Business Day (Johannesburg)

South Africa: Rate Cut Could Be Country's Last for Now - Mboweni

Johannesburg — THE Reserve Bank cut interest rates by a percentage point yesterday, as most had expected, but governor Tito Mboweni warned that further "aggressive" easing was unlikely because of stubbornly high inflation.

Shrinking economic output and the onset of SA's first recession in 17 years prompted the Bank's monetary policy committee (MPC) to reduce the repo rate to 7,5%, its lowest level in nearly three years.

Mboweni said the economy would shrink again in the second quarter, albeit at a "more moderate pace" than in the first quarter, when it shrank 6,4%, the steepest in 25 years.

Prospects for a rebound would depend largely on "the pace and magnitude of the recovery in the global economy, which was set to be "slow and protracted", he said. The difference between actual and potential economic growth would help bring inflation down in the long term, despite some near-term "inertia", the Bank said.

There were no surprises but in a press conference after the televised address Mboweni took the unusual step of signalling the outlook for monetary policy.

"Given the kind of stickiness seen in inflation outcomes, the mood in the committee is not for any further significant reductions in the repo rate," he said.

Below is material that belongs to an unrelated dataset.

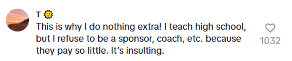 Fellow teachers chimed in and agreed that teachers were not paid enough for their extra work.

"There is a feeling we have probably done as much as we can do. Now maybe it's time to pause and watch," he said. Debate in the two-day MPC meeting was quite "intense", with some initially arguing for a cut of half a percentage point, he said.

Local money markets sold off heavily on the remarks, unwinding bets that the repo rate could fall as far as 6,5% in coming weeks. Government bonds weakened, with yields on the benchmark 2015 bond up five basis points to 8,25%.

Cosatu said it was angry at the rate cut as it was less than half of what it had demanded. While welcoming the decision, business leaders urged more cuts.

The MPC has reduced interest rates by 4,5 percentage points since December. It takes changes up to two years to be fully felt. Mboweni is not ruling out more cuts and analysts say there is still scope for some modest easing, depending on how the local economy performs.

"Our read on this is that we will probably see a move to ease rates only half a percentage point in June, after which interest rates may be on hold," said Razia Khan, Africa research head for Standard Chartered Bank in London.

Yesterday's news that prices at factories, mines and farms fell last month more sharply than expected back the view that inflation pressures are waning, despite "sticky" consumer inflation.

The producer price index rose to 2,9% in the year to last month, slowing from 5,3% in March, and was below an expected 3,8% rise. Analysts predict that that gauge will register annual falls from next month, helping ease pressure on consumer prices.

Consumer inflation rose to 8,4% last month, down from 8,5% in March but still above forecasts. Gains in the rand, which scaled a new month peak at less than R8/ yesterday, would help offset rising petrol prices, the Bank said.

But it highlighted risks to inflation from electricity price hikes and pointed out that food price inflation was not abating as quickly as it should, given global trends.